Notes From Advanced R Part Two

Liang / 2018-12-06


1. OO (Object-oriented) field guide

R has four object oriented systems:

  • base type: are mostly manipulated using C code
  • S3 type: S3 is a very casual system. It has no formal definition of classes.
  • S4 type: S4 has formal class definitions and multiple dispatch
  • RC (Reference Classes) type

A class defines the behaviour of objects by describing their attributes and their relationship to other classes.

pryr provides tools to pry back the surface of R and dig into the details.

Base types

new base types are added very rarely. determine the object’s base type with typeof().

# The type of a function is "closure"
f <- function() {}
typeof(f)
## [1] "closure"
is.function(f)
## [1] TRUE
# The type of a primitive function is "builtin"
typeof(sum)
## [1] "builtin"
is.primitive(sum)
## [1] TRUE

Functions for different base types are almost always written in C. S3 objects can be built on top of any base type, S4 objects use a special base type, and RC objects are a combination of S4 and environments.

To see if an object is a pure base type, check that is.object(x) returns FALSE.

if the object x has the R internal OBJECT, the is.object() return True

is.object(f)
## [1] FALSE
is.object(1) # FALSE
## [1] FALSE
is.object(as.factor(1:3)) # TRUE
## [1] TRUE

S3 type

S3 is the only OO system used in the base and stats packages.

pryr::otype(): can be used to test if an object is an S3 object in base R.

library(pryr)
## 
## Attaching package: 'pryr'
## The following object is masked _by_ '.GlobalEnv':
## 
##     f
## The following objects are masked from 'package:purrr':
## 
##     compose, partial
df <- data.frame(x = 1:10, y = letters[1:10])
otype(df)    # A data frame is an S3 class
## [1] "S3"
otype(df$x)  # A numeric vector isn't
## [1] "base"
otype(df$y)  # A factor is
## [1] "S3"

In S3, methods belong to functions, called generic functions. S3 methods do not belong to objects or classes.

ftype() can describes the object system and to determinate if a function is an S3 method or generic:

ftype(mean)
## [1] "s3"      "generic"
ftype(t.data.frame) # data frame method for t()
## [1] "s3"     "method"
ftype(t.test)       # generic function for t tests
## [1] "s3"      "generic"

Defining classes and creating objects

# Create and assign class in one step
foo <- structure(list(), class = "foo")
# ftype(foo)
# Create, then set class
foo <- list()
class(foo) <- "foo"
foo
## list()
## attr(,"class")
## [1] "foo"

determine the class of any object using class(x), and see if an object inherits from a specific class using inherits(x, "classname").

class(foo)
## [1] "foo"
inherits(foo, "foo")
## [1] TRUE

we can change the class of existing objects:

Creating new methods and generics

To add a new generic, just need to create a function that calls UseMethod().

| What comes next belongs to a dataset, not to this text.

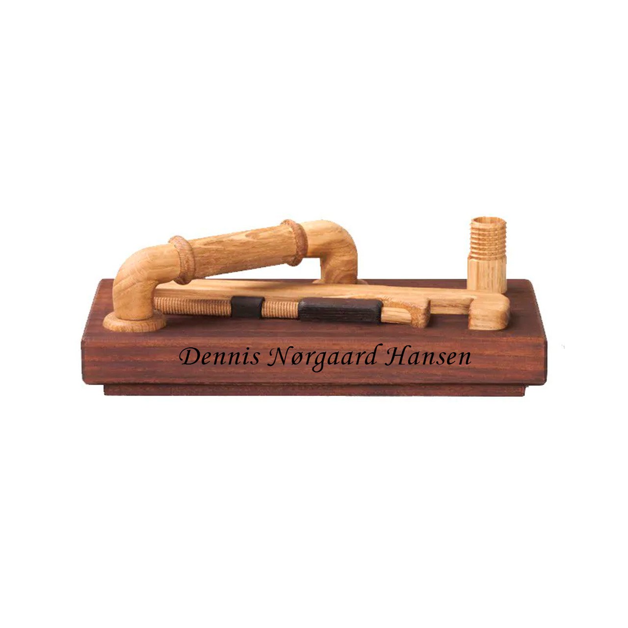 VVS statuette 9 x 18 x 6,2 cm Eg og ask Maya Soele design En statuette lavet af træ som en svendegave til en udlært VVS-tekniker er en kreativ og personlig idé. statuette med trædesign er 9 x 18 cm stor og kan graveres for at gøre den til en personlig gav

f <- function(x) UseMethod("f")
f.a <- function(x) "Class a"
f.b <- function(x) "Class b"
a <- structure(list(), class = "a")
class(a)
## [1] "a"
f(a)
## [1] "Class a"
f.a(a)
## [1] "Class a"
f.b(a)
## [1] "Class b"
b <- structure(list(), class = "b")
class(b)
## [1] "b"
f(b)
## [1] "Class b"
f.a(b)
## [1] "Class a"
f.b(b)
## [1] "Class b"
f <- function(x) UseMethod("f")
f.a <- function(x) "Class a"
f.default <- function(x) "Unknown class"

# Method for a class
f(structure(list(), class = "a"))
## [1] "Class a"
# No method for b class, so uses method for a class
f(structure(list(), class = c("b", "a")))
## [1] "Class b"
# No method for c class, so falls back to default
f(structure(list(), class = "c"))
## [1] "Unknown class"
# Force R to call the wrong method, f.a should only use for a class
f.a(structure(list(), class = "c"))
## [1] "Class a"

S4 type

  • Classes have formal definitions which describe their fields and inheritance structures (parent classes).

  • Method dispatch can be based on multiple arguments to a generic function

  • There is a special operator, @, for extracting slots from an S4 object.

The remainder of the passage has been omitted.